Separate Location Model with the Weibull Distribution for Devalt.jmp Data
Regression Model with the Weibull Distribution for Devalt.jmp Data
No Effect Model with the Weibull Distribution for Devalt.jmp Data
In addition to a statistical summary and diagnostic plots, the Fit Life by X report window also includes profilers and surface plots for each of your specified distributions. To view the Weibull time-accelerating factor and explanatory variable profilers, click the Distribution tab under Weibull Results. To see the surface plot, click the disclosure icon to the left of the Weibull title (under the profilers). The profilers and surface plot behave similarly to other platforms. See the Profilers book.
The report window also includes a tab labeled Acceleration Factor. Clicking the Acceleration Factor tab shows the Acceleration Factor Profiler. This profiler is an enlargement of the Weibull plot shown under the Acceleration Factor tab in the Comparisons section of the report window. Weibull Acceleration Factor Profiler for Devalt.jmp shows the Acceleration Factor Profiler for the Weibull distribution of Devalt.jmp. The baseline level for the explanatory variable can be modified by selecting the Set Time Acceleration Baseline option in the Fit Life by X red triangle menu.
Weibull Acceleration Factor Profiler for Devalt.jmp
If you want to use a custom transformation to model the relationship between the lifetime event and the accelerating factor, use the Custom option. This option is found in the list under Relationship in the launch window. Enter comma delimited values into the entry fields for the location (μ) and scale (σ) parameters. For the Devalt.jmp sample data, an example entry for μ could be “1, log(:Temp), log(:Temp)^2,” and an entry for σ could be “1, log(:Temp),” where 1 indicates that an intercept is included in the model. Select the Use Exponential Link check box to ensure that the sigma parameter is positive.

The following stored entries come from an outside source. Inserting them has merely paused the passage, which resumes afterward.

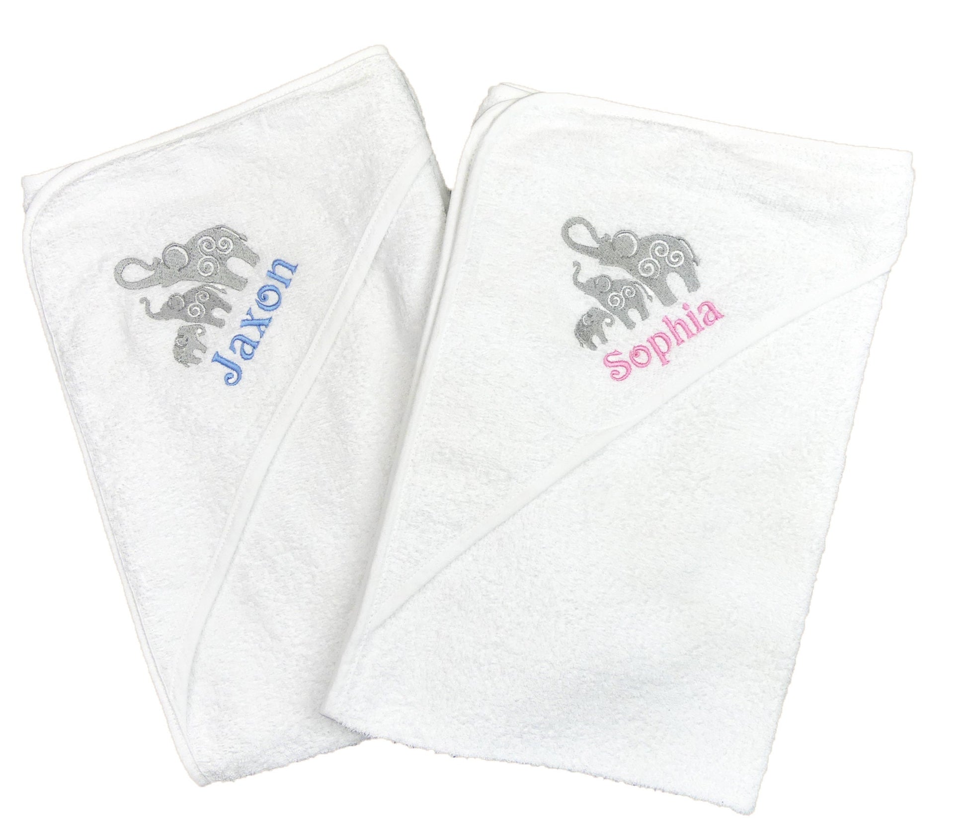 This is our newest design in our great range of baby hooded towels. It features a family of elephant embroidered in a sleek grey thread. We can add the name in the same grey to match or in pink or blue. (we have most colours if you want something different- just ask)
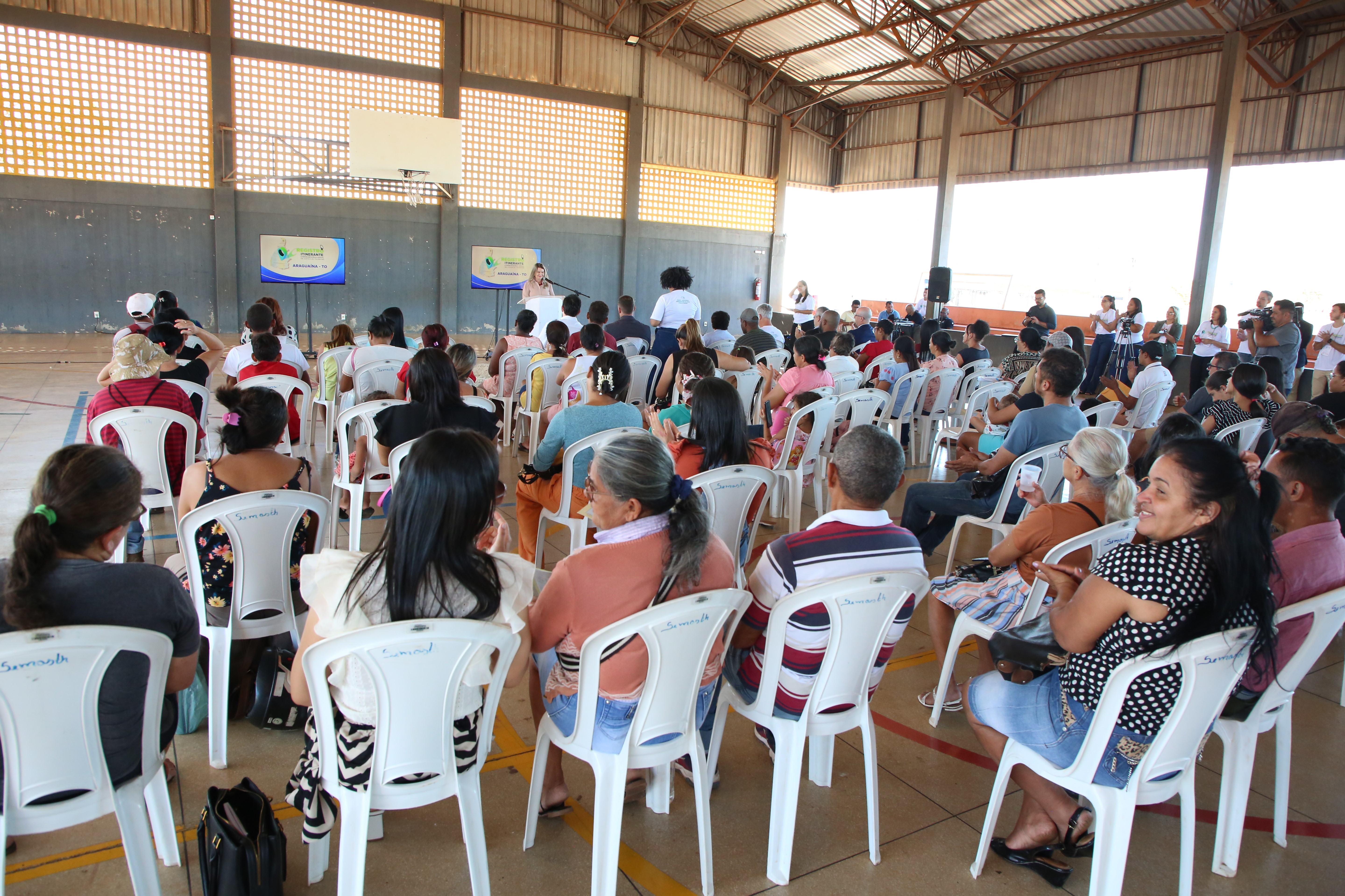 A solenidade de abertura do projeto em Araguaína foi realizada pela manhã e contou com a participação dos parceiros do projeto - diretoria do Fórum da Comarca de Araguaína, Cejusc, Serviço de Registro Civil das Pessoas Naturais, Interdições e Tutelas de Araguaína, Prefeitura Municipal, Defensoria Pública do Estado e Ministério Público Estadual.
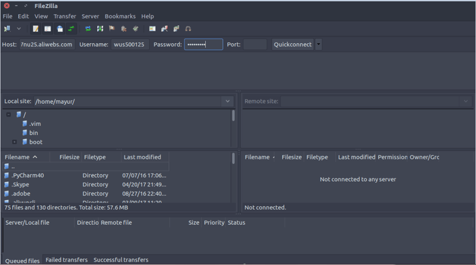 2. 打开 Filezilla 并输入从虚拟主机管理控制台获取的主机名、用户名和密码以启用快速连接。
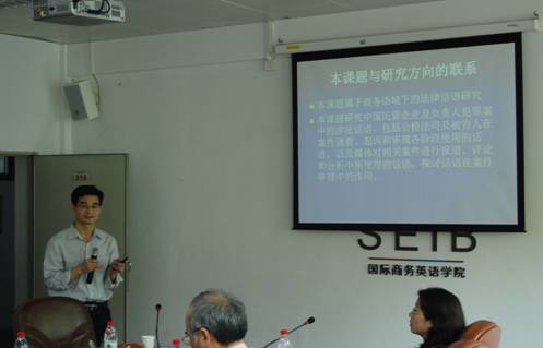 为让大家对商务与法律话语研究中心基地有进一步的了解,三位研究中心成员分别对各自研究的课题通过幻灯片进行展示。首先,胡春雨副教授在研究课题《基于语料库的泡沫隐喻研究》中,借助图表分析指出,从2008年起关于泡沫研究的语料数量迅速上升。该现象启示了经济泡沫与语料库之间的联系,为课题研究提供了方向。徐章宏教授则在《非法集资案涉法话语分析与话语权研究》课题研究中,以吴英案为例,通过跨学科多视角的话语分析揭示话语与话语权的互动方式,探讨了涉法话语权与案件定罪量刑之间的关系。王小海教授深入分析了中欧贸易摩擦中的话语权对比,认为中国在提升自身经济硬权力同时,也要加强话语权这类软权力的力量,使话语权真正上升到“Power”水平。三位教授精彩的课题分析赢得了在场研究生们热烈的掌声。
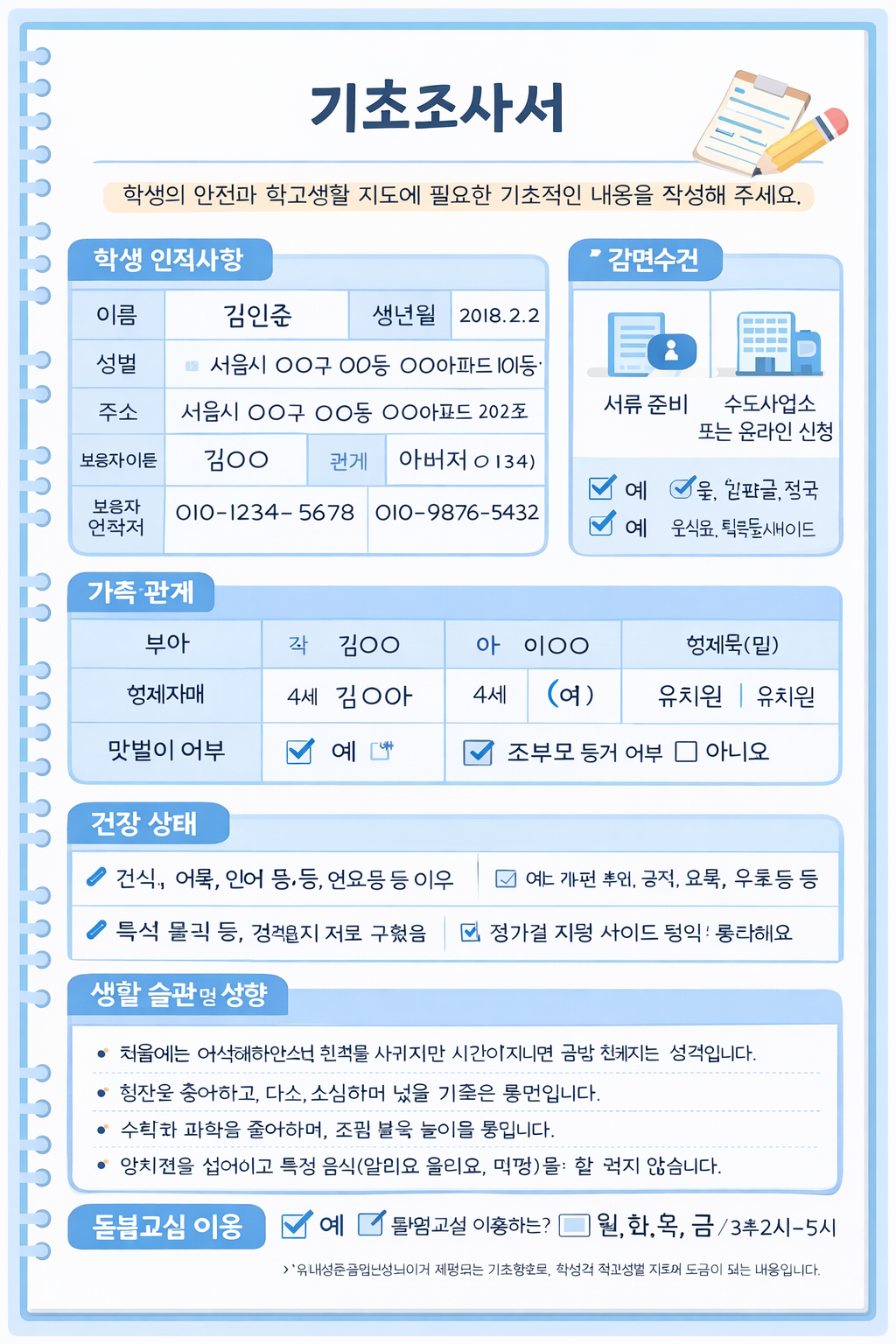 직접 겪어본 바로는, 이 표를 참고하여 작성하니 누락 없이 꼼꼼하게 작성할 수 있었습니다. 특히 건강 정보는 과거 병원 진료 기록을 참고하여 정확히 기재했고, 이후 학교에서 연락이 왔을 때 신속히 대응할 수 있었습니다.
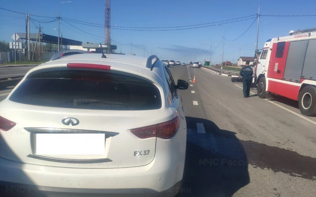 По предварительным данным, 43-летняя женщина за рулем автомобиля «Инфинити» двигалась со стороны Калуги, пыталась развернуться и сбила встречного мотоциклиста на «Хонде».

Custom Relationship Specification in Fit Life by X Launch Window
After selecting OK, location and scale transformations are created and included at the bottom of the Estimates report section.
For an example of how to use a custom transformation, see Custom Relationship Example. Analysis proceeds similarly to the Example of the Fit Life by X Platform, where the Arrhenius Celsius Relationship was specified.